Barnes isn’t the only defendant seeking to squelch OpenCourt’s coverage. A lawyer for the defendant in another case, Charles Diorio, charged with assault, kidnapping, and witness intimidation, asked the SJC to block archiving of his client’s proceedings, as well as live streaming from the courtroom while the justices weigh his request. The lawyer argued that video records of the proceedings might bias a potential jury against Diorio at a future trial.
In that case, argued Elswit, “So much information about Diorio is already in wide distribution through other media channels that efforts to conceal it from potential witnesses and jurors by restricting OpenCourt’s archive cannot meaningfully succeed.”
Diorio’s lawyer argued that OpenCourt’s recordings should be considered a court record, which the SJC could restrict without violating the First Amendment.
Davidow says that while the country’s founders did not foresee the Internet, they did foresee the risks of allowing public access to courtroom proceedings, and approved that access anyway. He says that as a responsible news organization, WBUR will edit its own material. “We’re not looking for the state to tell us what we can or cannot print,” he says. “That’s prior restraint.”
He also says there is some territory where the OpenCourt project simply will not tread. “We’ve decided not to do domestic violence cases, period,” he says. “They’re not going into the camera.
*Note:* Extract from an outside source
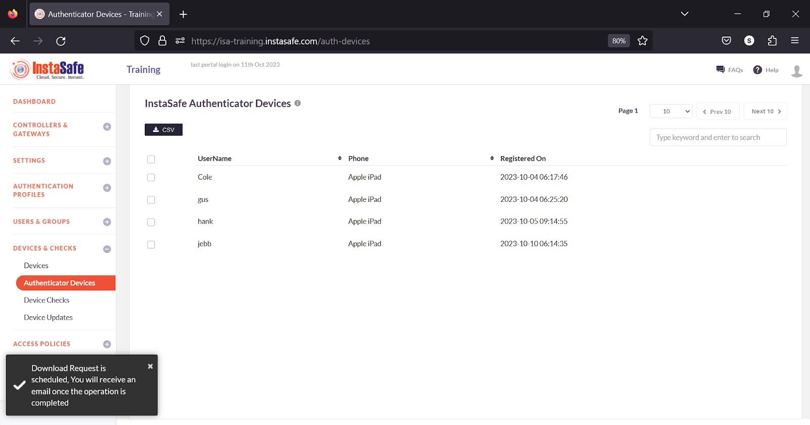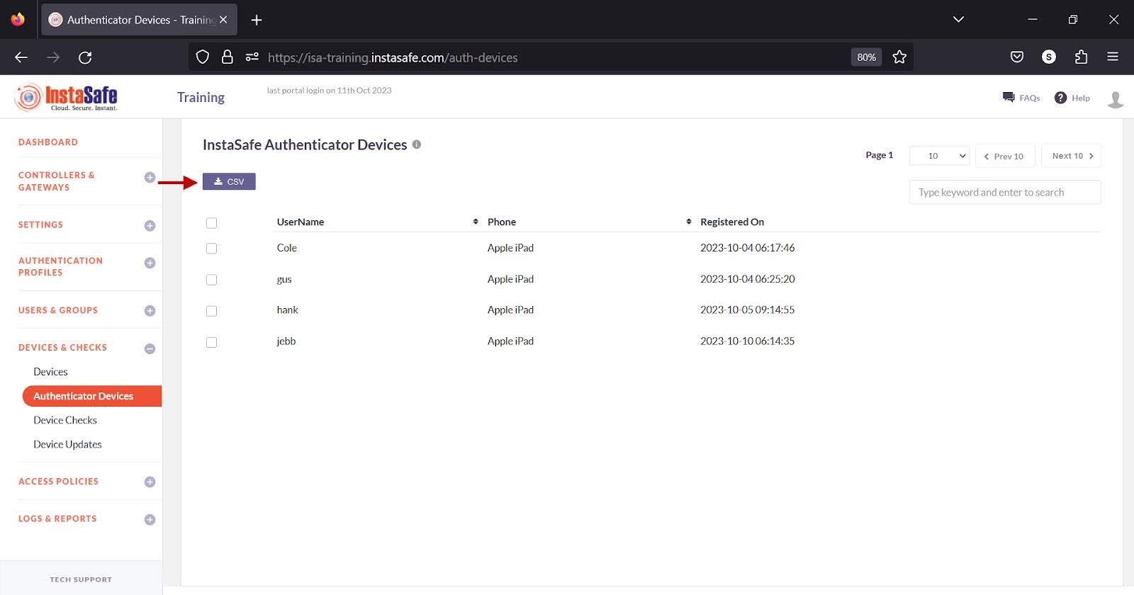 Administrators can download the user list by clicking the CSV button at the top.

That’s a voluntary thing.”
While bloggers in OpenCourt’s program don’t necessarily adhere to journalistic standards and might print a victim’s name in their accounts, he says, any citizen can walk into a courtroom, learn the name, and disseminate it out of court.
Former ABC News journalist Robert Zelnick, a College of Communication journalism professor and a lawyer who has written about the First Amendment, says that “the sort of gag rule requested here will not and should not be granted,” based on past U.S. Supreme Court reversals of various states’ laws limiting what the media may publish. “Compassion,” he says, “is no justification for the gouging of constitutional rights.”
Rather than pitting First Amendment rights against privacy rights, Zelnick says, the WBUR case pivots on “the wisdom of editors who must decide whether it is appropriate, in this particular case, to subordinate the sensibilities of a victim of sexual brutality to the desire of news producers to broadcast the full story.”
Meanwhile, OpenCourt may face another hurdle. Launched with a one-year grant from the John S. and James L. Knight Foundation, the project hopes to serve as a model for Internet coverage of courts around the country. But the grant is expiring, and WBUR is seeking other money to continue the project. Whether or not that will happen “is an open question for OpenCourt,” says Davidow, who declines to say when the project might have to stop if new funding isn’t forthcoming.